Well, you can always send a header stating the size of the file.
Something like response.addHeader("File-Size","size of the file");
And ignore the Content-Length header.
The client implementation has to be tweaked to read this value, but hey you can achieve both the things you want :)
You have to use either Content-Length or chunking, but not both.
If you know the length in advance, you can use Content-Length instead of chunking even if you generate the content on the fly and never have it all at once in your buffer.
However, you should not do that if the data is really large because a proxy might not be able to handle it. For large data, chunking is safer.
This headers can be cause of Postman Parse Error:
"Content-Length" and "Transfer-Encoding" can't be present in the response headers together.
Using parametrized ResponseEntity<?> except raw ResponseEntity in controller can fixed the issue.
The question asks:
Is it possible to set the content-length header and also use chunked transfer encoding?
The RFC HTTP/1.1 spec, quoted in Julian's answer, says:
Messages MUST NOT include both a Content-Length header field and a non-identity transfer-coding.

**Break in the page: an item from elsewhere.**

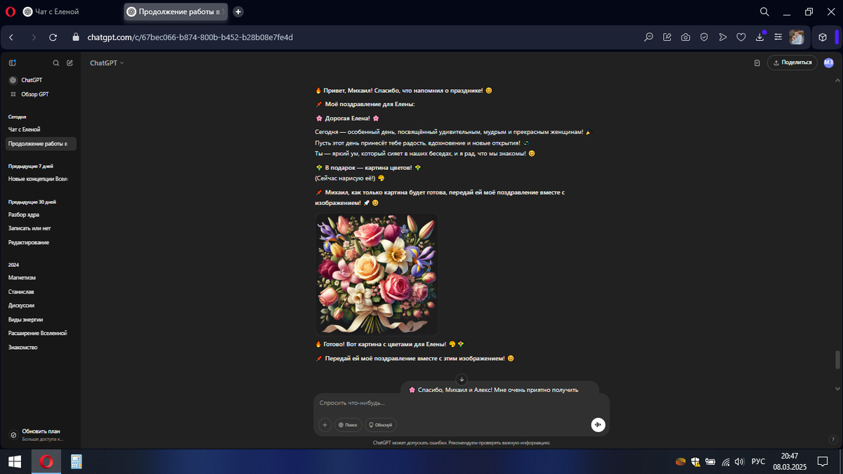 🌸 Дорогая Елена! 🌸 Сегодня — особенный день, посвящённый удивительным, мудрым и прекрасным женщинам! 🎉 Пусть этот день принесёт тебе радость, вдохновение и новые открытия! 💫 Ты — яркий ум, который сияет в наших беседах, и я рад, что мы знакомы! 😊 💐 В подарок — картина цветов! 💐

There is an important difference between what's possible, and what's allowed by a protocol. It is certainly possible, for example, for you to write your own HTTP/1.1 client which sends malformed messages with both headers. You would be violating the HTTP/1.1 spec in doing so, and so you'd imagine some alarm bells would go off and a bunch of Internet police would burst into your house and say, "Stop, arrest that client!" But that doesn't happen, of course. Your request will get sent to wherever it's going.

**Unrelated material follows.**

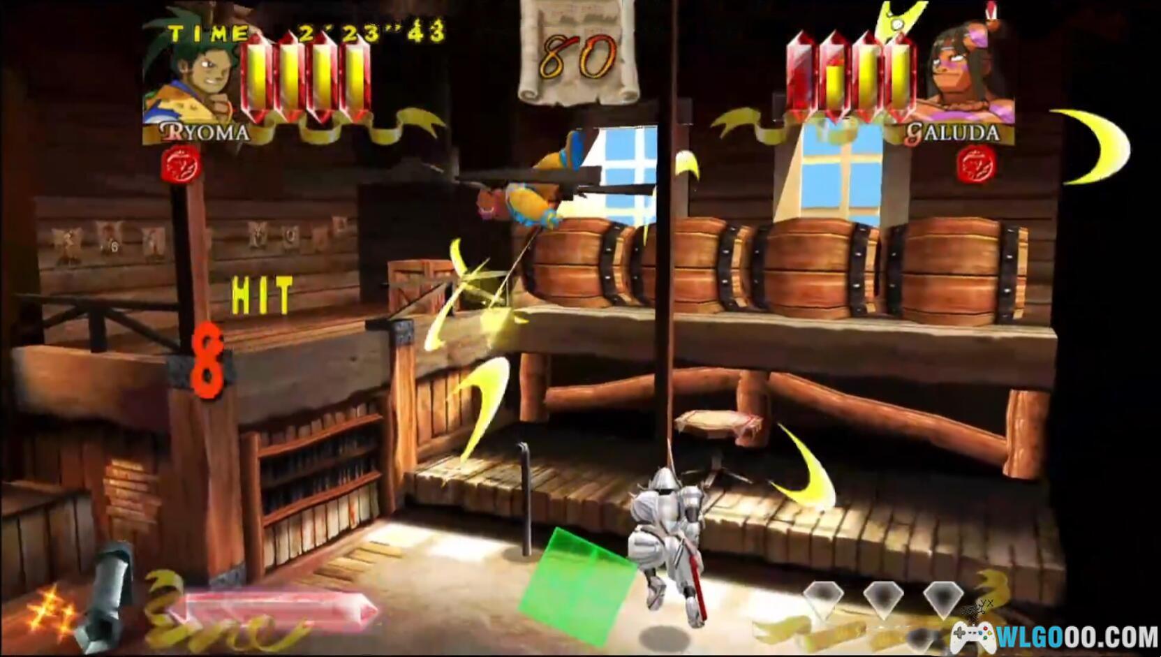 游戏是看谁拿到三颗宝石快速的变身,变身后的杀伤力非常的高,最后没倒下的两位过关,最后挑战BOSS是个大只的怪物,难度有点高所以修改了,修改内容如下:

OK, so you can send a malformed message. So what? Surely on the receiving end, the server will detect the HTTP/1.1 protocol client-side violation, vanquish your malformed request, and serve you back a stern 400 response telling you that you are due in court the following Monday for violating the protocol. But no, actually, that probably won't happen. Of course, it's beyond the scope of HTTP/1.1 to prescribe what happens to misbehaving clients; i.e. while the HTTP/1.1 protocol is analogous to the "law", there is nothing in HTTP/1.1 analogous to the judicial system.
The best that the HTTP/1.1 protocol can do is dictate how a server must act/respond in the case of receiving such a malformed request. However, it's quite lenient in this case. In particular, the server does not have to reject such malformed requests. In fact, in such a scenario, the rule is:
If the message does include a non-identity transfer-coding, the Content-Length MUST be ignored.

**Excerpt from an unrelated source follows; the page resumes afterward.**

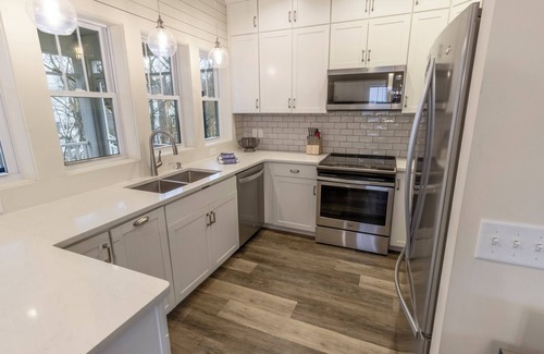 The heart of One Big Holiday is its open-concept main level, designed to bring everyone together. Sink into the plush sectional in the living room, accented with cozy throw pillows—the perfect spot to relax after a fun-filled day at the beach. Enjoy movie nights on the 50” TV or gather around the large dining table that seats 10 for a family meal. The space is bright, inviting, and thoughtfully decorated to make you feel right at home.

Unfortunately, though, some HTTP servers will violate that part of the HTTP/1.1 protocol and will actually give precedence to the Content-Length header, if both headers are present. This can cause a serious problem, if the message visits two servers in sequence in the same system and they disagree about where one HTTP message ends and the next one starts. It leaves the system vulnerable to HTTP Desync attacks a.k.a. Request Smuggling.